This article analyzes the processing of natural pigments to obtain natural pigment-based MBs in two biodegradable polymeric matrixes, polylactic acid (PLA) and polybutylene succinate (PBS), and the study of the colouring capacity by the addition, in different percentages, of natural pigments in the polymeric matrix.

2. Materials and Methods

2.1. Materials

Two commercially available biopolymeric matrices were used to develop the masterbatches, polylactic acid (PLA), Beograde INJ038, supplied by Beologic, (Sint-Denijs, Belgium) and polybutylene succinate (PBS), BioPBSFZ71PM, supplied by Biochem Company (Chatuchak, Thailand).
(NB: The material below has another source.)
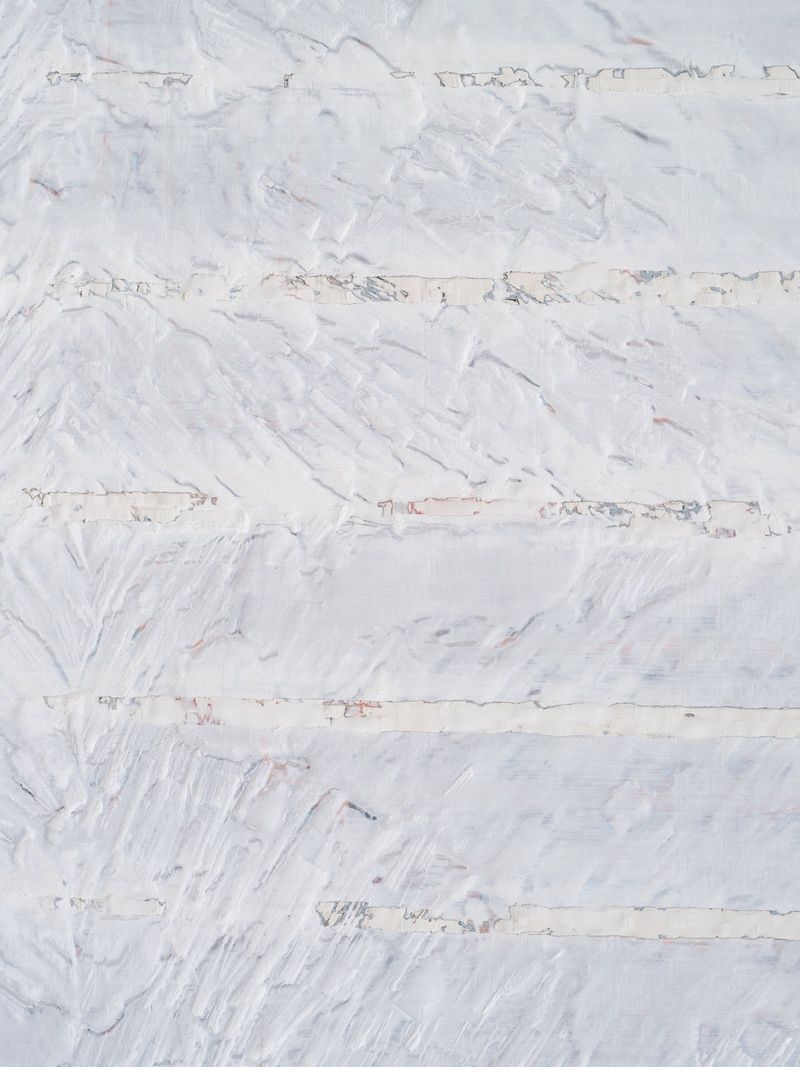 Created together over the last year and a half, Dickinson’s new paintings, And-Hold, And/With, And: Now, And-Knows, and And: Is can be understood as material palimpsests. Each is distinct in its particular expanding light and atmosphere, grounded in a surface that reveals more through time and attention. Deeply invested in abstraction as a way to understand change through duration, Dickinson layers the paintings through countering events to forge something solid and present. Working with oil paint on a plaster-like ground, which can be incised into, carved out, and rebuilt—and which carries with it a specific capacity to hold light—they are unified by a ritual process of creating correlating remainders: graphite rubbings made to record their changing terrain. By the time of their completion, each painting is accompanied by approximately 12-20 remainders, which together comprise the final work.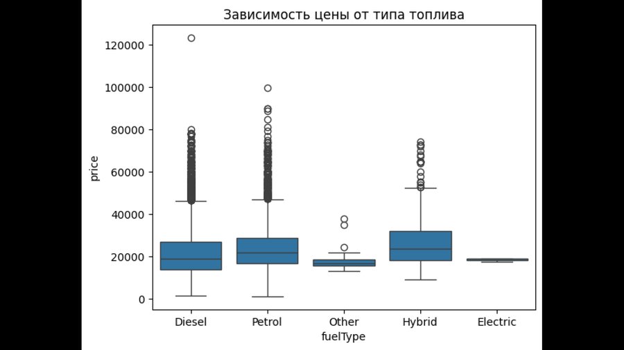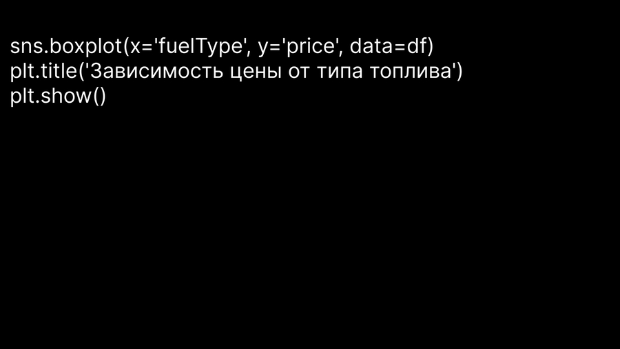 2. Боксплот (для сравнения цен между различными типами топлива и моделями, подчеркивая медианные значения и разброс цен).

These grades were selected due to being biodegradable polymers in industrial compost conditions and having a relatively low melting temperature, which allows the incorporation of natural pigments, minimizing the risk of their degradation.

Table 1. Properties of Beograde INJ038 and BioPBSFZ71PM extract from datasheet supplied by suppliers.
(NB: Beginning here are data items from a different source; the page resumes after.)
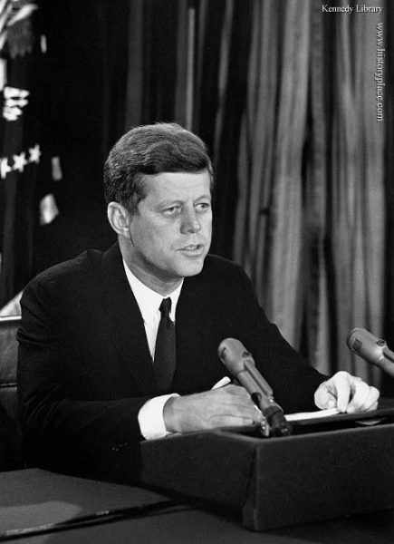 President Kennedy addresses the nation on live television during the Cuban Missile Crisis, when the U.S. and Soviet Union came to the verge of nuclear war according to later unclassified Soviet intelligence documents. It appears that Kennedy and Soviet Premier Nikita Khrushchev’s willingness to negotiate a mutually satisfactory compromise – that the Soviets pull their offensive nuclear missiles out of Cuba, and America would dismantle its offensive nuclear missile bases from the Soviet border in Turkey – averted a potential nuclear holocaust.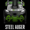 - Steel auger cuts through ice and snow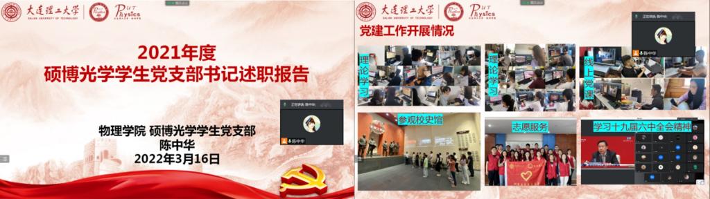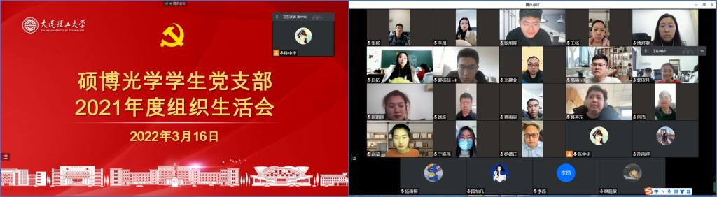 按照大连理工大学党委和开云手机站登录入口党委的统一部署,结合学校疫情防控相关要求,开云手机站登录入口硕博光学学生党支部于2022年3月16日下午,通过腾讯会议线上召开2021年度组织生活会。会议由支部书记陈中华同志主持,全体党员参加,开云手机站登录入口副院长杨德正教授列席指导。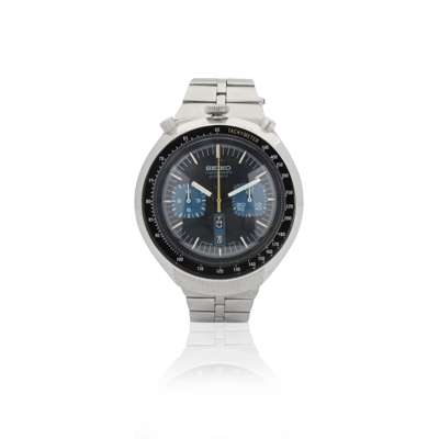 Cal.6138B self-winding 21 jewel movement, matt black dial with applied tritium baton indexes, white minute track, blue subsidiary dials for 12 hour and 30 minute chronograph registers, apertures for day and date in English, white/luminescent hands, orange chronograph seconds, substantial polished and satin finished case with screw-down numbered reverse, black tachymeter bezel, winding crown at 12 position flanked by chronograph pushers, on stainless steel Seiko Ref.ZC40S bracelet with folding clasp. Case, dial and movement signed.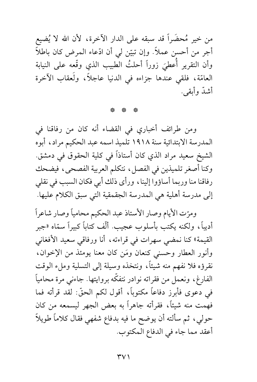 ومن طرائف أخباري في القضاء أنه كان من رفاقنا في المدرسة الابتدائية سنة 1918 تلميذ اسمه عبد الحكيم مراد، أبوه الشيخ سعيد مراد الذي كان أستاذاً في كلية الحقوق في دمشق. وكنا أصغر تلميذين في الفصل، نتكلم العربية الفصحى، فيضحك رفاقنا منا وربما أساؤوا إلينا، ورأى ذلك أبي فكان السبب في نقلي إلى مدرسة أهلية هي المدرسة الجقمقية التي سبق الكلام عليها.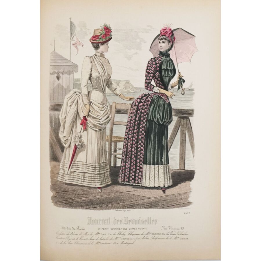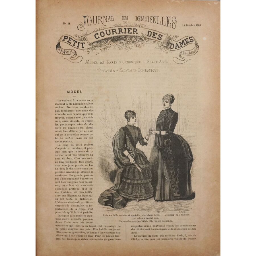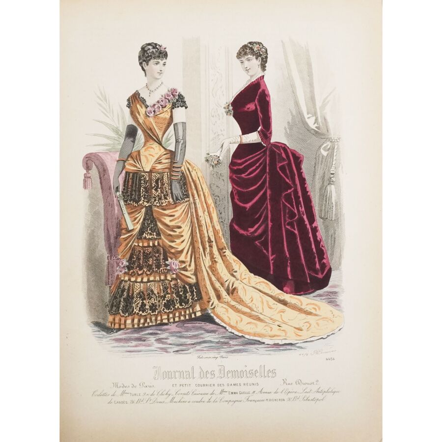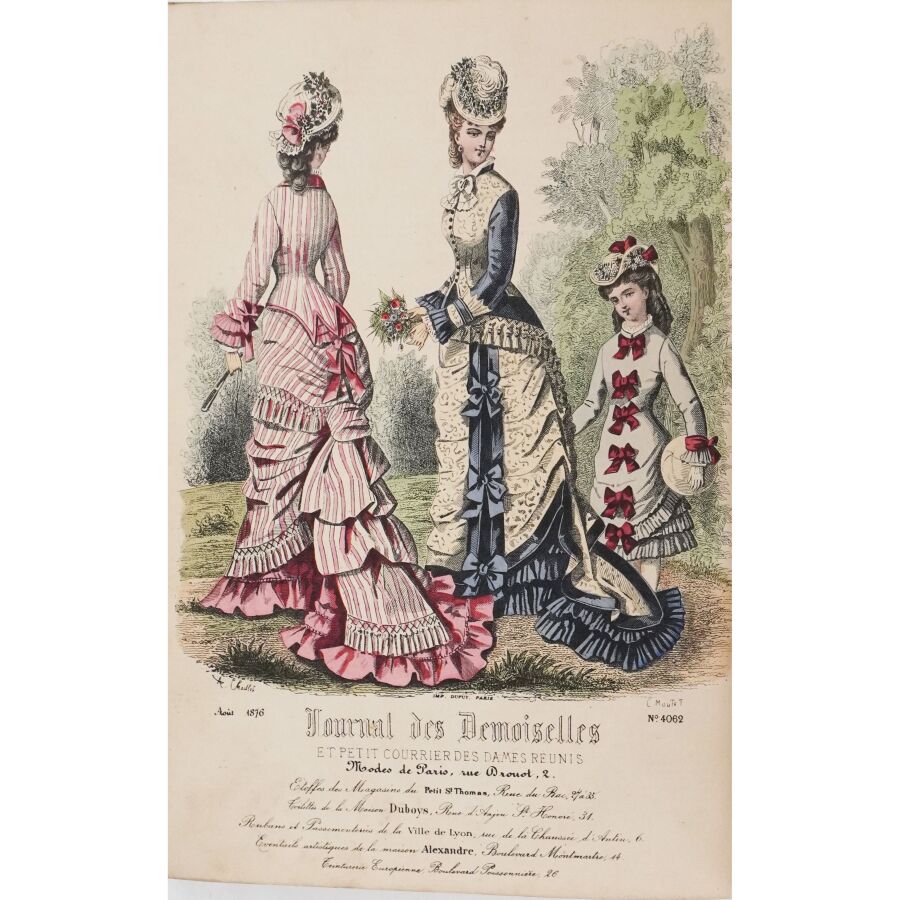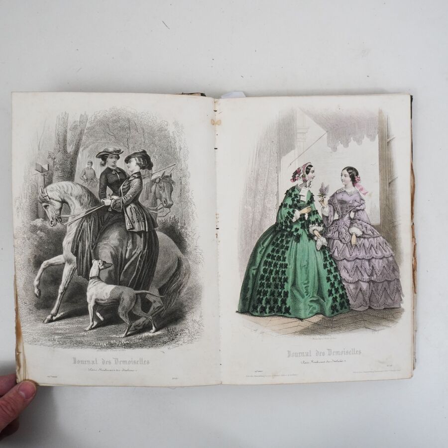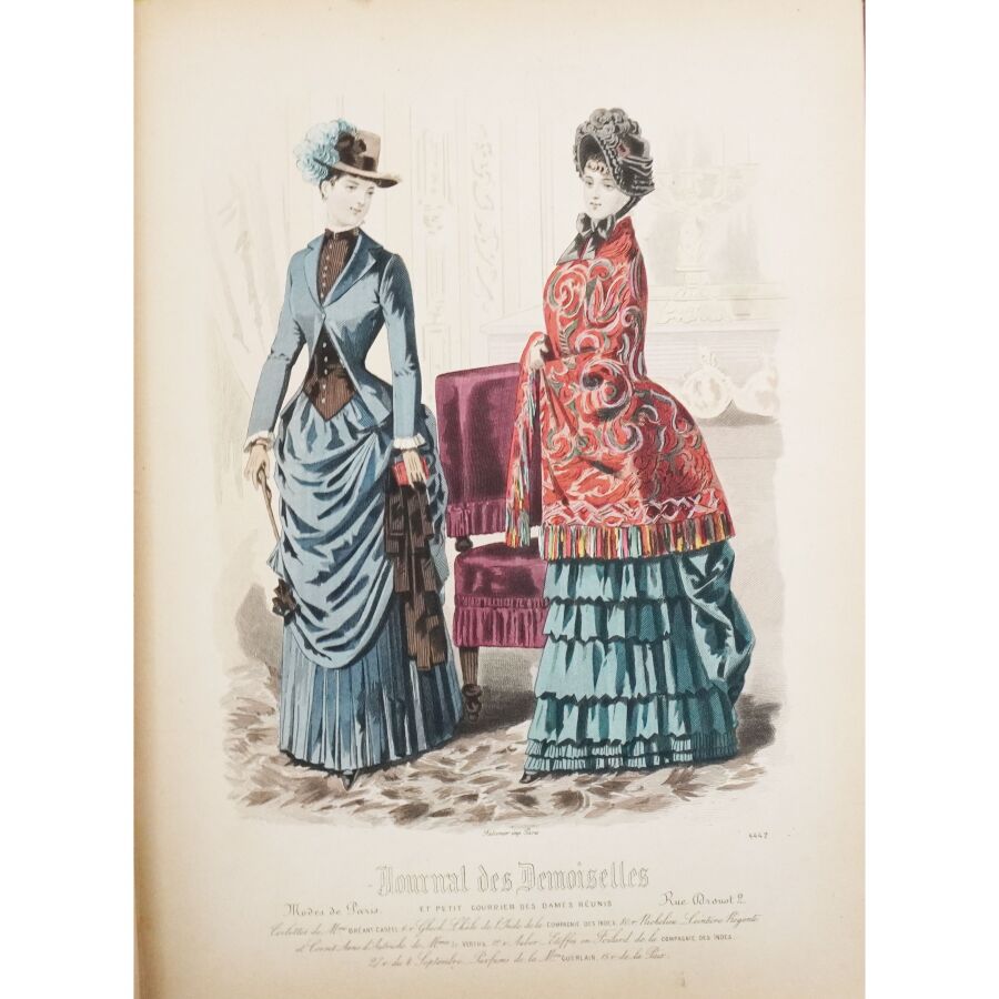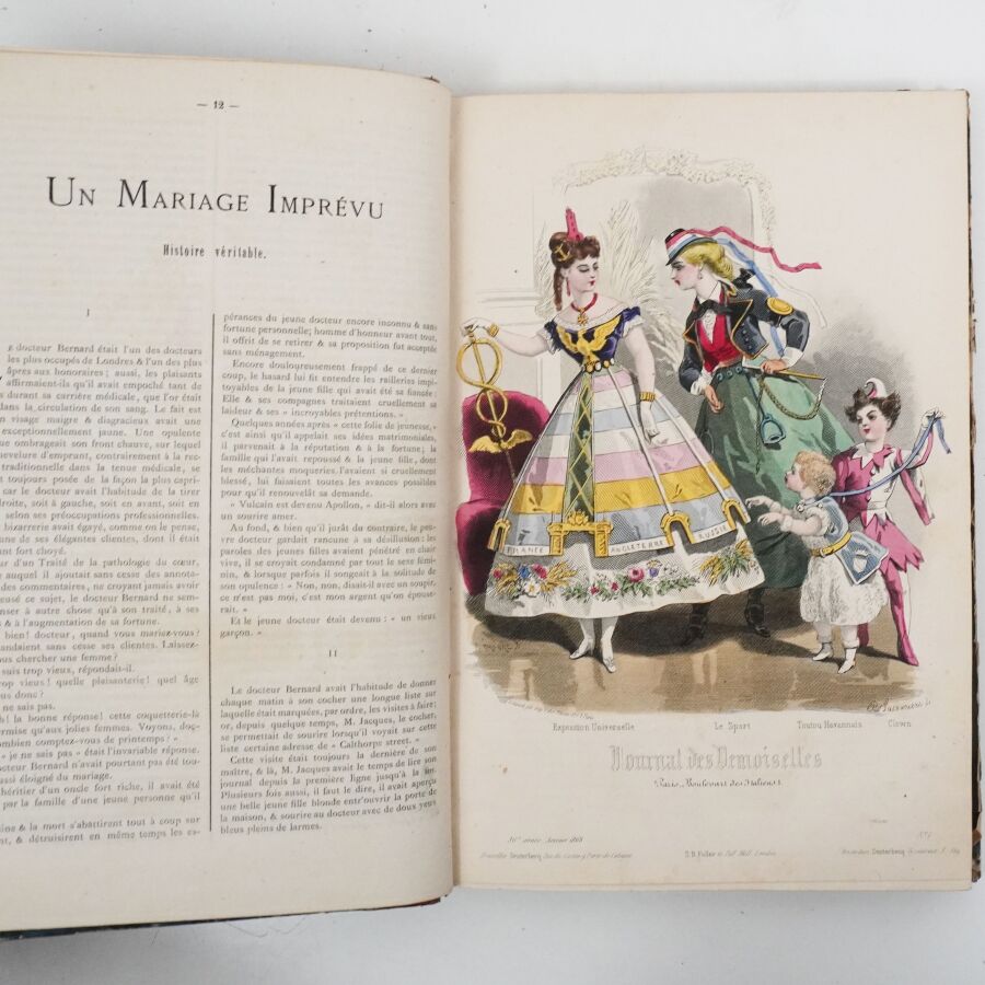 [Revue]. Journal des demoiselles. Paris, au Bureau du Journal, 1856-1884. 7 vol. dont 6 grands in-8 et 1 in-folio, reliures de l'époque, états divers, comprenant les années : 1856 : 7 planches en couleurs, 8 en noir, 4 pl. dépliantes, qqs ff. détachés ; 1867 : 10 pl. coul., 6 en noir. Reliure abîmée ; 1868 : 10 pl. coul, 4 en noir ; 1874 : 10 pl. coul., 4 en noir. Manque de cuir au dos ; 1876 : 9 pl. coul., 5 pl. en noir. Reliure abîmée, qqs ff. déchirés ; 1882-1883 : 12 pl. couleurs ; 1883-1884 : 50 pl. couleurs.

Property	Beograde INJ038	BioPBSFZ71PM
Melting temperature (°C)	165	115
Melt flow rate (g/10 min)	17	22
Density (g/cm3)	1.20	1.26

shows some properties of the as-received materials.

Different commercial natural pigments were selected.

Table 2. Natural pigments used.

Property		Extract SP-180	Extract 95%P	Extract RBS-100	Extract 95 HPD-P1
Origin		Spirulina	Curcumin	Beetroot	Chlorophyllin
Colour		Blue	Yellow	Red	Green
Particle size (µm)
	D10	10.3	1.46	8.04	1.6
	D50	24.5	9.3	33.1	5.42
	D90	44.9	35.1	69.3	22.9
Purity (%)		98	90–100	95–100	95
Heavy metals (ppm)		As < 3, Pb < 5, Hg < 1, Cd < 1	As < 3, Pb < 10, Hg < 1, Cd < 1	As < 1, Pb < 1, Hg < 1, Cd < 1	As < 3, Pb < 5, Hg < 1, Cd < 1

shows the reference and some properties of each of them. All of them were supplied by Coralim.

In addition, titanium dioxide, stearic acid and calcium carbonate were used as ultraviolet (UV) absorber, stabilizer, dispersing agent and lubricant. These components were supplied by Sigma-Aldrich (Madrid, Spain).

2.2. Experimental Procedure

2.2.1. Thermal Analysis

The main thermal degradation parameters of natural pigments and natural pigment-based MBs, degradation initial temperature (T_onset) and maximum mass loss rate temperature (T_max) were studied by TGA using a TA Instrument Q500 (TA Instruments, New Castle, DE, USA) thermogravimetric analyser. Then, those samples with an average weight between 8 and 10 mg were placed in standard platinum crucibles of 70 µL. In this case, all samples were subjected to the following temperature programme: from 30 to 600 °C under nitrogen (N₂) atmosphere at a rate of 10 °C/min and from 600 to 1000 °C under oxygen (O₂) atmosphere at a rate of 10 °C/min with a purge gas flow of 10 mL/min.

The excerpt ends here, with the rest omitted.